2025-11-27 09:01 ET - News Release

Vancouver, British Columbia--(Newsfile Corp. - November 27, 2025) - Shellron Capital Ltd. (TSXV: SHLL.P) ("Shellron"), a capital pool company pursuant to Policy 2.4 of the TSX Venture Exchange (the "TSX-V"), provides an update regarding its previously announced qualifying transaction (the "Transaction") with SPX Management Ltd. ("SPX"), as disclosed in Shellron's news releases dated April 17, 2025 and June 9, 2025, whereby the Company proposes to acquire from the shareholders of SPX all of the issued and outstanding securities of SPX.

Shellron report that it has entered into an amending agreement dated November 25, 2025 (the "Amendment") to the definitive share purchase agreement dated June 4, 2025 with SPX and its shareholders (the "SPA"). Pursuant to the Amendment, the outside date for completion of the Transaction has been extended from November 30, 2025 to January 31, 2026, provided that Shellron retains a right of termination in the event that certain milestones related to the Transaction are not met within certain timelines, including the completion of audited financial statements for SPX, receipt of subscriptions for at least $3.0m in a concurrent financing (the "Concurrent Financing"), and submission of a filing statement containing details regarding each of Shellron and SPX the Transaction, as required by the policies of the TSX-V. As consideration for the extension of the outside date, SPX has agreed to pay to Shellron a further $25,000 non-refundable deposit on or before January 6, 2026.

There can be no assurance that the Transaction will be completed on the terms proposed above or at all.

All other aspects of the Transaction remain the same as previously announced on April 17, 2025 and June 9, 2025. Shellron will provide additional updates on the progress of the Transaction and related concurrent financing as they become available.

Shellron also confirms that the non-refundable $50,000 advance to be provided by SPX to Shellron (the "Advance") was completed and as a result, the previously announced alternative of a bridge financing to be completed in Shellron of up to 250,000 common shares at a price of $0.20 per share is no longer required and will not be completed.

SPX remains responsible pursuant to the SPA for the payment or reimbursement of all Shellron's expenses relating to the Transaction, including legal fees, auditor fees, financial advisory fees, fees payable to TSX Venture Exchange and reasonable disbursements of Shellron and its advisors.

As previously announced, pursuant to the Transaction, Shellron will issue an aggregate of ten (10) common shares in the capital of Shellron ("Shellron Shares") for each common share held in the capital of SPX ("SPX Shares"), each at a deemed value of $0.20 per Shellron Share (the "Exchange Ratio"), including any SPX Shares issued pursuant to the Concurrent Financing (as defined above).

SPX, a company incorporated in Hong Kong, operates through its wholly-owned subsidiaries in the Republic of Korea to deliver full-service sports representation, marketing, and event production solutions across Asia. SPX operates at the intersection of global sports, media, and commerce - spanning athlete management, brand partnerships, and mega-event production.

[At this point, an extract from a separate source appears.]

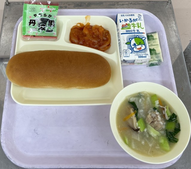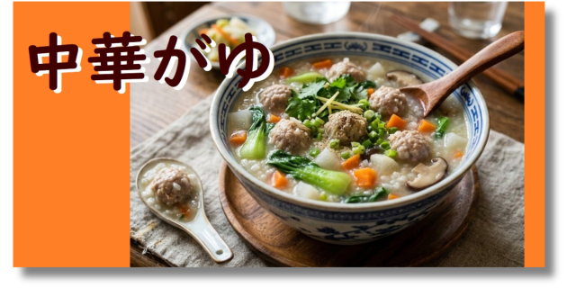 米を多めの水でやわらかく煮た料理を「かゆ」といいます。中華がゆは、味付けをしたスープで米を煮て作ります。給食の中華がゆには、米のほかに肉だんご、チンゲンサイ、だいこん、にんじん、しいたけが入っています。チキンブイヨン、しょうゆ、塩で味付けし、ごま油で風味を付けています。

Forward-Looking Statements

This press release contains statements which constitute "forward-looking information" within the meaning of applicable securities laws, including statements regarding the plans, intentions, beliefs and current expectations of Shellron with respect to future business activities and operating performance, as well as future operations of SPX. Forward-looking information is often identified by the words "may", "would", "could", "should", "will", "intend", "plan", "anticipate", "believe", "estimate", "expect" or similar expressions and includes information regarding: expectations regarding whether the Transaction will be consummated on the terms as currently contemplated or at all; whether the concurrent financing will be completed on the terms contemplated or at all; whether the Transaction and the insiders of the Resulting Issuer will be acceptable to the TSXV; whether the conditions precedent to the Transaction will be completed, including whether conditions to the consummation of the conditions precedent to the Transaction will be satisfied, or the timing for completing the Transaction and the conditions precedent to the Transaction; and whether SPX will complete its currently anticipated operations as described in this press release.

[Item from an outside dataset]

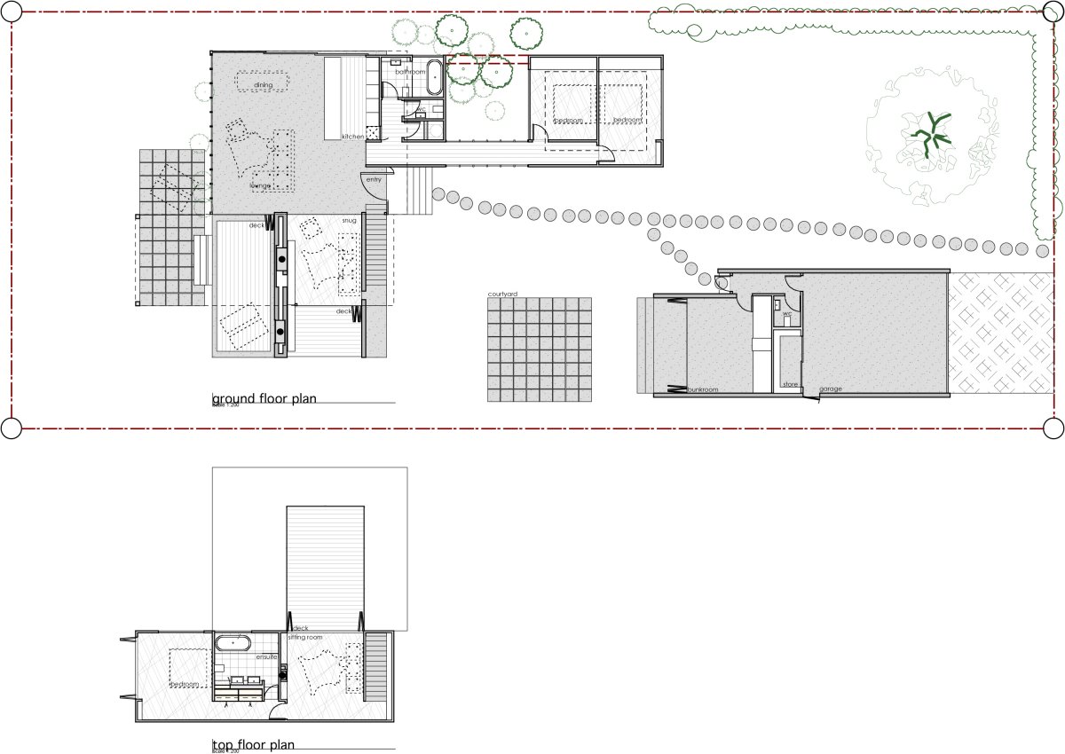 The concrete base provides the required floor level rise, creating intermediate zones between inside and outside. Raised decks from both the living room and snug articulate elevated, and in the case of the front deck, covered outdoor spaces. The living space arrangement suits the extreme climates of the location, activities and varying degrees of privacy.

Investors are cautioned that forward-looking information is not based on historical facts but instead reflect Shellron's management's expectations, estimates or projections concerning future results or events based on the opinions, assumptions and estimates of management considered reasonable at the date the statements are made. Although Shellron believes that the expectations reflected in such forward-looking information are reasonable, such information involves risks and uncertainties, and undue reliance should not be placed on such information, as unknown or unpredictable factors could have material adverse effects on future results, performance or achievements of the combined company. Among the key factors that could cause actual results to differ materially from those projected in the forward-looking information are the following: the ability to consummate the Transaction and/or the conditions precedent to the Transaction; the ability to obtain requisite regulatory and other approvals and the satisfaction of other conditions to the consummation of the Transaction and/or the conditions precedent to the Transaction on the proposed terms and schedule; the potential impact of the announcement or consummation of the Transaction and/or the conditions precedent to the Transaction on relationships, including with regulatory bodies, employees, suppliers, customers and competitors; changes in general economic, business and political conditions, including changes in the financial markets; changes in applicable laws; compliance with extensive government regulation; the ability of the parties to raise sufficient capital to complete the concurrent financing; and the diversion of management time on the Transaction and/or the conditions precedent to the Transaction. This forward-looking information may be affected by risks and uncertainties in the business of Shellron and SPX and market conditions.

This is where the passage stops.